The UNIX market has solidified around the Merced chip. Smaller UNIX vendors are forming alliances with larger UNIX vendors Sun, HP, SGI, BSD.

This makes Apple (Rhapsody) more important to IBM which must continue to support PPC because its server computers use the PPC (AS-400/proprietary, RS-6000/AIX).

Older DEC customers will probably be supported but encouraged to migrate to newer NT Client/Server. Compaq also bought Tandem for its high end (Mainframe/Storage) expertise.

Compaq wants to compete as a full service supplier. Its Competition are IBM and EMC
which is a fascinating company that supplies scaleable database hardware/software solutions for giant corporations. (EMC has a strategic relationship with another interesting company BMC.) Because giant companies frequently buy smaller companies, they also buy different computer systems.

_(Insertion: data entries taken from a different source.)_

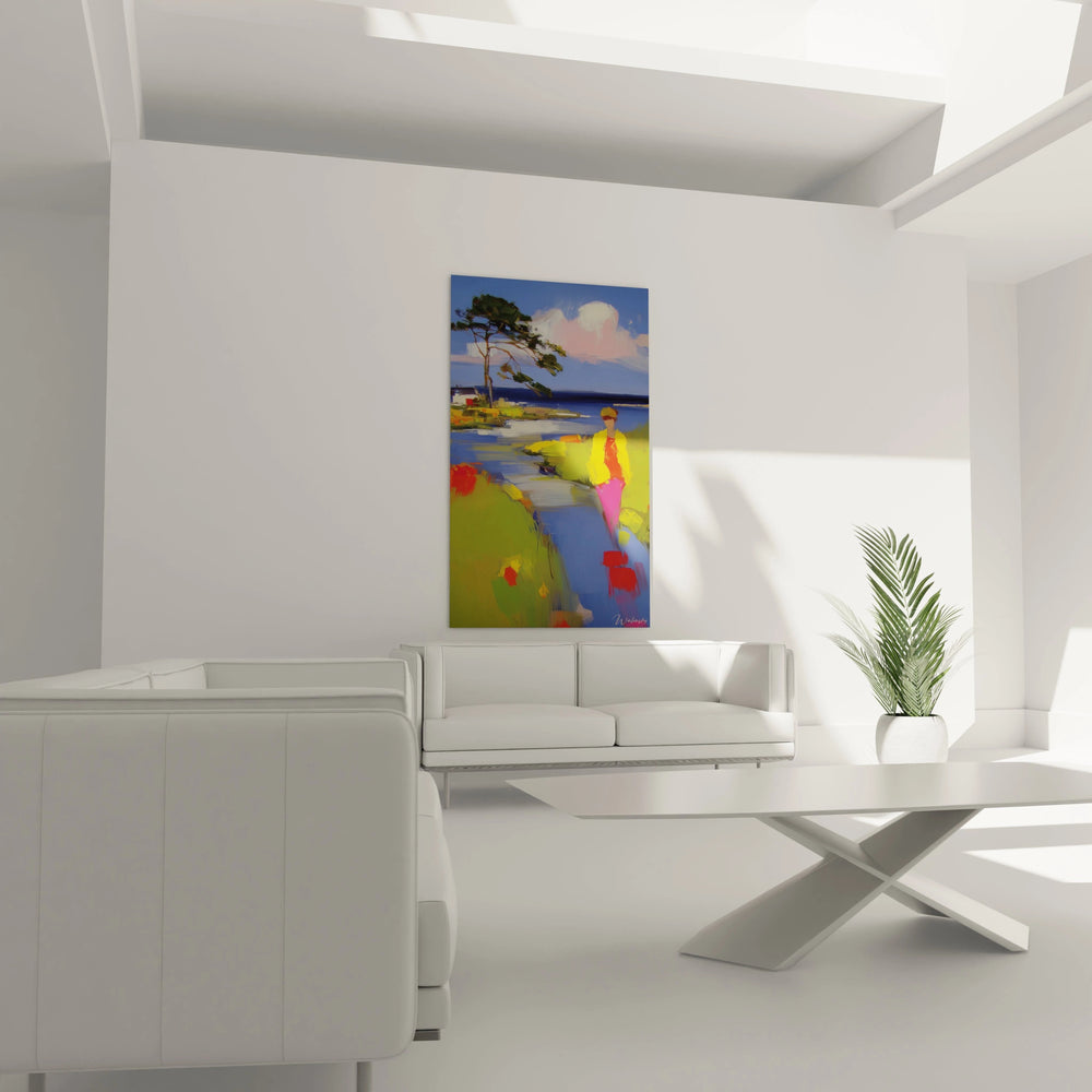 Ce tableau femme reflets se distingue par plusieurs éléments visuels remarquables qui en font une œuvre singulière. La gestuelle libre de l'artiste crée des effets de reflets dans l'eau d'une spontanéité saisissante, où les formes se décomposent et se recomposent selon les ondulations suggérées de la surface aquatique. L'association chromatique audacieuse entre le jaune vif du chemisier et le rose intense de la jupe confère à la figure une présence magnétique rare. L'arbre penché, avec sa silhouette caractéristique et son positionnement asymétrique, apporte une signature visuelle distinctive à cette décoration murale femme paysage. Les nuages aux formes généreuses et aux coloris nacrés créent un ciel théâtral qui enveloppe la scène d'une atmosphère particulière, impossible à reproduire à l'identique dans une autre composition.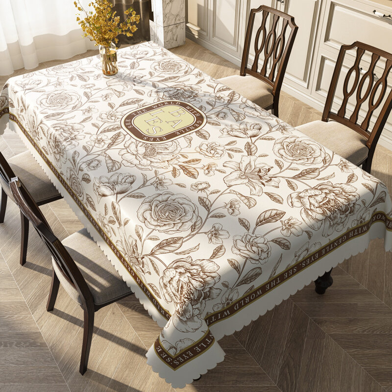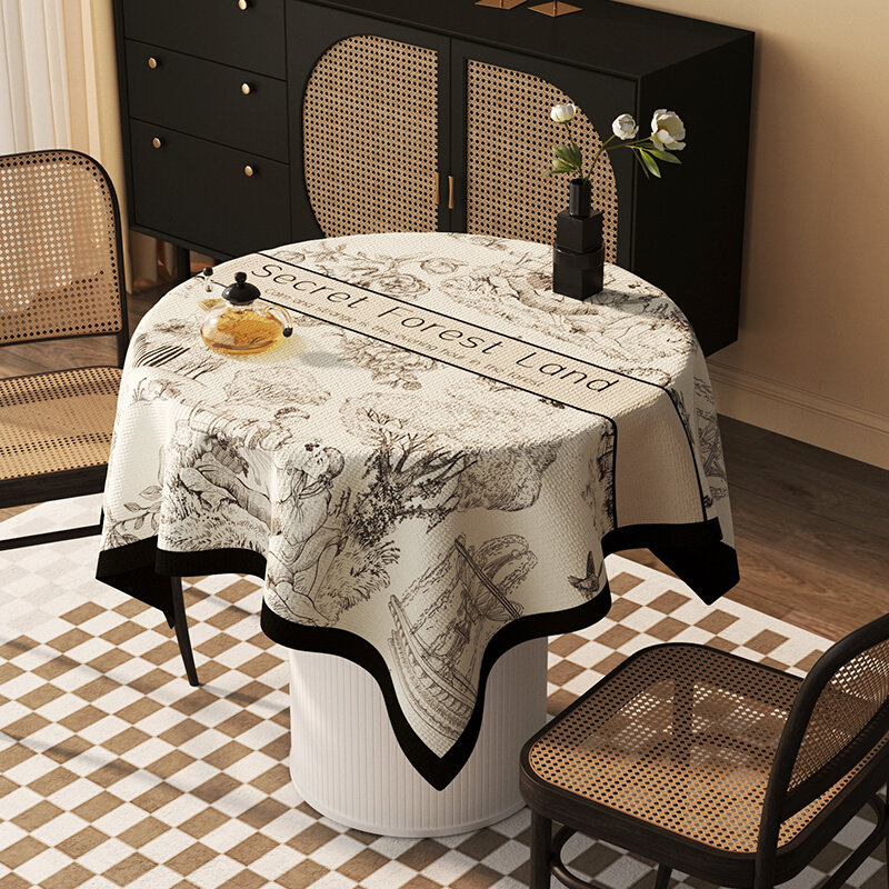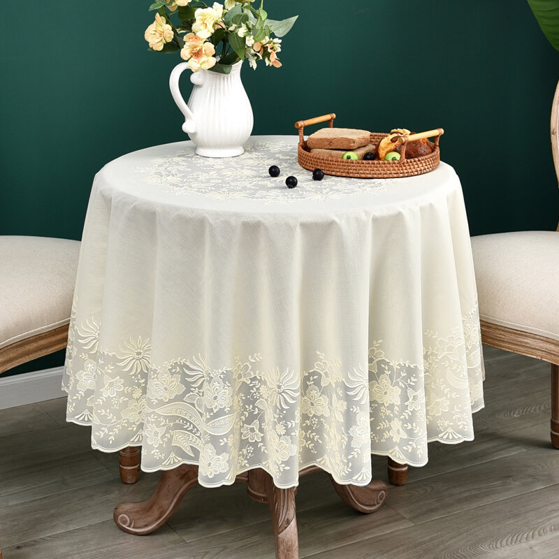 美式餐桌布艺高级感圆桌布盖布巾防水家用轻奢圆形茶几布餐桌台布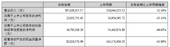 2024年1-6月,南王科技营业收入5.87亿元,同比增长12.10%;归属于上市公司股东的净利润2203.38万元,同比下降35.11%;归属于上市公司股东的扣除非经常性损益的净利润1678.53万元,同比下降46.62%;经营活动产生的现金流量净额为8202.46万元,同比下降41.90%。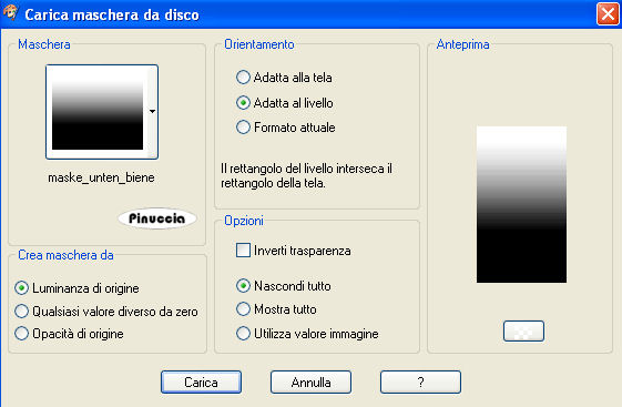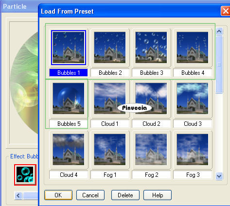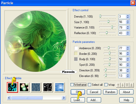 qui puoi trovare qualche risposta ai tuoi dubbi. Se l'argomento che ti interessa non è presente, ti prego di segnalarmelo. Questo tutorial è stato scritto con PSP X2, ma può essere eseguito anche con le altre versioni di PSP. Per tradurlo, ho usato PSP X. ©Biene - tutti i diritti riservati. Il © della traduzione è mio. Occorrente: A scelta due immagini o due tubes. Il resto del materiale qui Per il mio esempio ho usato due tube di Sabi © http://www.josedelnido.com/English/Home.htmlJosé del Nido. Il lavoro di José del Nido non può essere usato senza il permesso dell'autore. Trovi il bel sito di Sabi http://sabis-tuben.de/ qui Il tube porthole_nautica2.psd è ©Biene. Un ringraziamento ai creatori di tubes dei vari gruppi cui appartengo. Il watermark di ognuno è inserito nei tubes. Per favore, rispetta il lavoro degli autori: non cambiare il nome del file e non rimuovere il watermark. Il © appartiene agli artisti originali. Filtri: Ulead Effects - Particle qui ![]() Metti la maschera maske_unten_biene nella cartella Maschere. Apri una nuova immagine trasparente 660 x 460 pixels. Apri Copy_by_José_del_Nido_Green.psp. Attiva il livello di sfondo e vai a Modifica>Copia. non chiudere il tube perchè ti servirà ancora Torna al tuo lavoro e vai a Modifica>Incolla come nuovo livello. Immagine>Ridimensiona, al 65%, tutti i livelli non selezionato. Sposta l'immagine completamente a destra.Livelli>Duplica. Immagine>Rifletti. Livelli>Unisci>Unisci giù. Attiva nuovamente il tube e posizionati sul livello del tube. Modifica>Copia. Torna al tuo lavoro e vai a Modifica>Incolla come nuovo livello. Regola>Sfocatura>Sfocatura gaussiana - raggio 20. ![]() Sposta questo livello a destra.Livelli>Duplica. Immagine>Rifletti. Livelli>Unisci>Unisci giù. Modifica>Incolla come nuovo livello (il tube è ancora in memoria). Spostalo un po' più in basso,e rinomina il livello "tube". Livelli>Duplica. Apri il tube Copy_by_José_del_Nido_El_Demonio_De_Escocia.psp. Attiva il livello "Tube 2" e vai a Modifica>Copia. Torna al tuo lavoro e vai a Modifica>Incolla come nuovo livello. sposta il tube al centro del tuo lavoro, perchè - se l'immagine rimane fuori dai bordi - verrà tagliata dall'applicazione della maschera Livelli>Carica/Salva maschera>Carica maschera da disco. Cerca e carica la maschera maske_unten_biene: ![]() Livelli>Unisci>Unisci gruppo. Posiziona correttamente il tube come nell'esempio.![]() Apri porthole_nautica2.psd e vai a Modifica>Copia. Torna al tuo lavoro e vai a Modifica>Incolla come nuovo livello. Effetti>Effetti 3D>Sfalsa ombra, con il colore nero. ![]() Attiva nuovamente il livello Copia di tube. Attiva lo strumento Selezione , cerchio,e seleziona l'oblò come nell'esempio. ![]() Selezione>Inverti. Premi sulla tastiera il tasto CANC. Selezione>Deseleziona. Effetti>Plugins>Ulead Effects - Particle. Seleziona Bubble e clicca su Load per scegliere le impostazioni che preferisci. ![]() ![]() Controlla se sul viso della donna sono visibili le bolle; in questo caso, attiva lo strumento Gomma e "pulisci" il viso della donna.![]() Attiva nuovamente il livello superiore. Livelli>Nuovo livello raster. Selezione>Seleziona tutto. Selezione>modifica>Contrai - 15 pixels. Immagine>Ritaglia la selezione. Duplica l'immagine usando la combinazione maiuscola+D e metti da parte la copia. Continua sul tuo lavoro. Selezione>Seleziona tutto. Immagine>Aggiungi bordatura, 1 pixel, simmetriche, con il colore bianco. Selezione>Inverti. Riempi con il motivo oro.Selezione>Seleziona tutto. Immagine>Aggiungi bordatura, 25 pixels, simmetriche, con il colore bianco. Selezione>Inverti. Livelli>Nuovo livello raster. Attiva l'immagine che hai messo da parte prima e posizionati sul livello Raster 2. Modifica>Copia. Torna al tuo lavoro e vai a Modifica>Incolla nella selezione. Livelli>Nuovo livello raster. Selezione>Inverti. Effetti>Effetti 3D>Sfalsa ombra, con il colore nero. ![]() Ripeti l'Effetto Sfalsa ombra, cambiando verticale e orizzontale con -2. ![]() Selezione>Deseleziona. Livelli>Nuovo livello raster. Riempi con il motivo oro.Selezione>Modifica>Contrai - 1 pixel. Premi sulla tastiera il tasto CANC. Selezione>Deseleziona. Scrivi un testo e il tuo nome e/o il tuo watermark, senza dimenticare eventuali copyright delle immagini usate. Per il mio testo ho usato il font Dustbowl Clementine Livelli>Unisci>Unisci tutto e salva in formato jpg.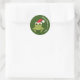 Roligt julklistermärken som visar en leende groda i en julhatt på gröntens bakgrund. Dessa söta klistermärken har ord "God jul" och ett anpassade år. Frog Santa God jul Classic Round Sticker Holiday Design | ©Melissa Patton - Artist/Illustrator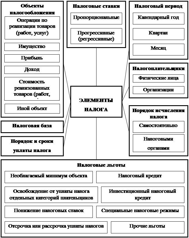 Налоговый кодекс или закон о каждом конкретном налоге содержит следующие основные элементы (рис. 1) :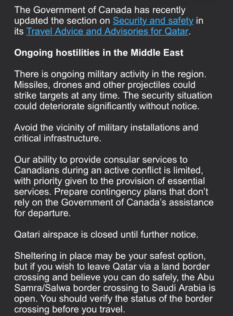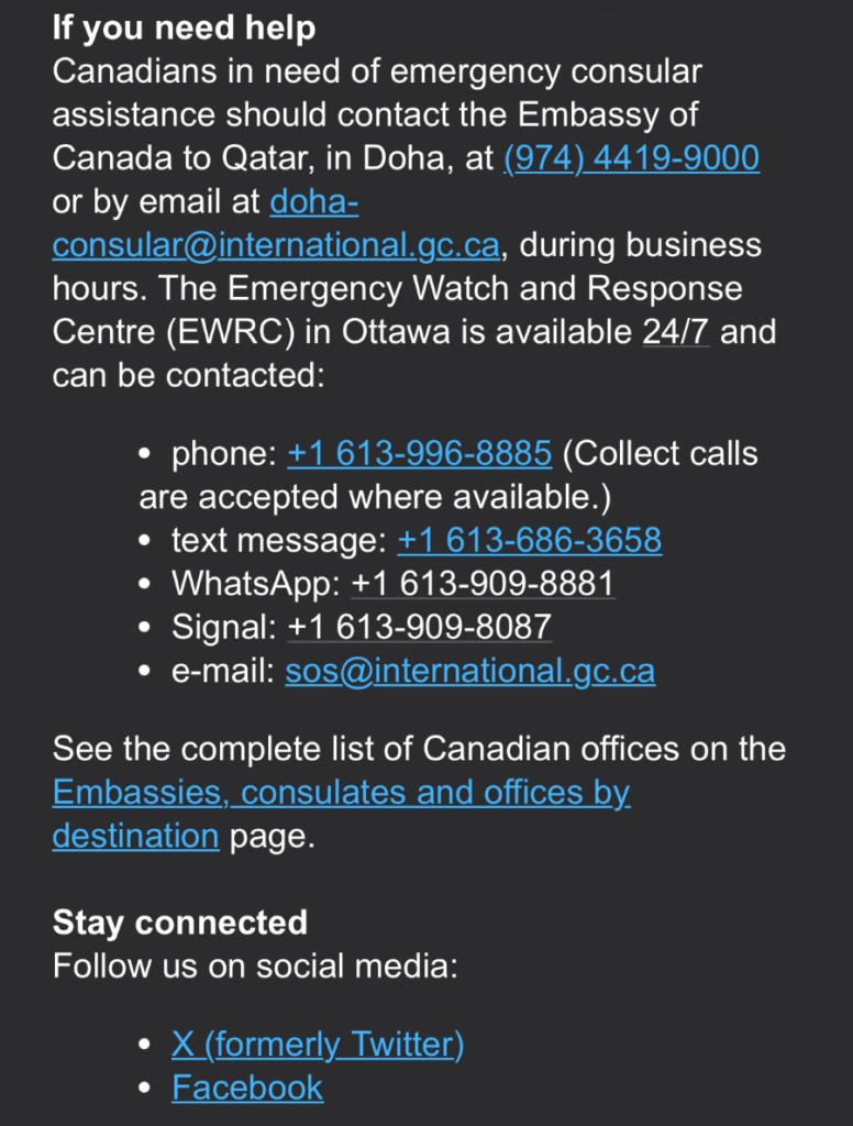 And finally, something comes across my socials feed from the Canadian Gov! Not via email but by chance I see this. It provides an email address that I can message to ask for assistance to get out! Of course, I fire off said email right away and have a feeling of hope that there is at least another avenue that might open up for me.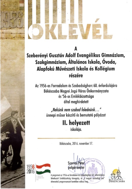 2016. október 24-én - a diák-istentisztelet keretében - Harangozó Imre katolikus hittantanár igehirdetése után iskolánk tanulóinak színvonalas műsorát tekinthettük meg.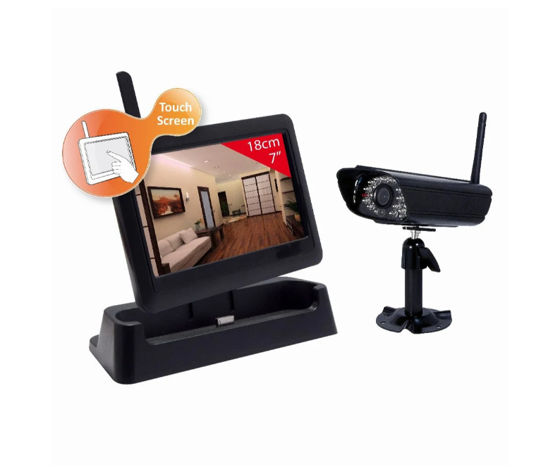 Kit composto por uma câmara e monitor com bateria para transportar dentro de casa.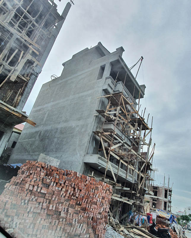 | Nhiều công trình đang có dấu hiệu được mở rộng tum thang, xây tường bao quanh phần diện tích tầng trên cùng. |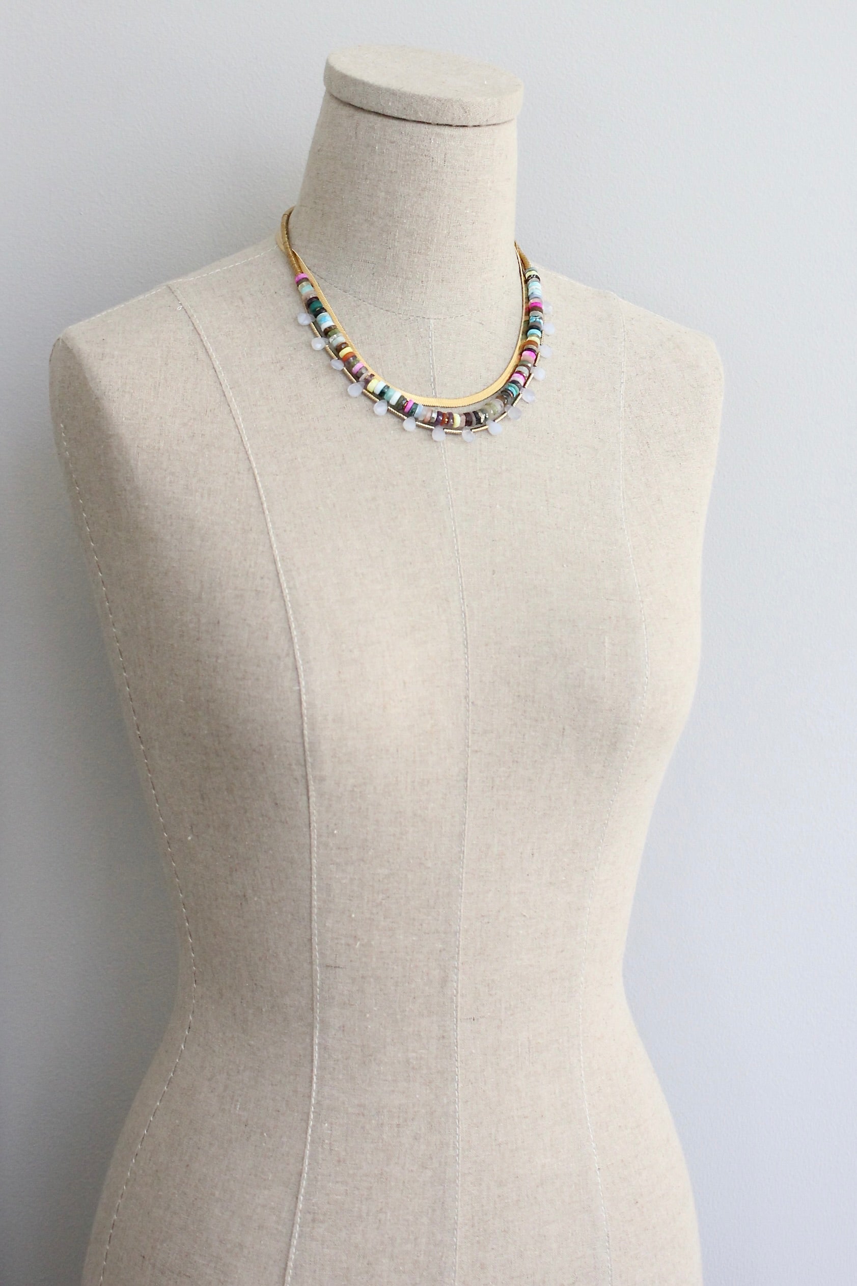 This exquisite triple strand necklace combines elegance and versatility with its multicolor design. Featuring 18k matte gold plated herringbone and snake chains, this piece is adorned with stone discs, hematite, and agate teardrops, making it a standout accessory for any occasion.

So, for example, CBS has a mainframe in NYC, and an AS-400 server in Hollywood, linked and networked to NT systems all over LA, and NY with Oracle, Sybase, Informix, Powerbuilder, blah blah blah. Need room for more and more data? Buy some cheap Intel servers and lots of hard drives, and plug them into the system. EMC solves data transfers between all this stuff. Since EMC systems sit right between the processors and the data, they control ... the world!

Doren



To: Jeff Hayden who wrote (8273)2/7/1998 3:38:00 PM
From: Scott Crumley  Read Replies (1) | Respond to of 213177
 
Jeff,

I believe that Advanced Risc Machines of Cambridge, UK owns the intellectual properties regarding the StrongArm chips and licensed them to Digital. I believe DEC was involved primarily in manufacturing. I'm not sure if Intel has acquired DEC's production of the StrongArm. If they have, I suppose it is conceivable that they could play games with Apple, especially in light of Apple's new television ad (which BTW, I think is great.)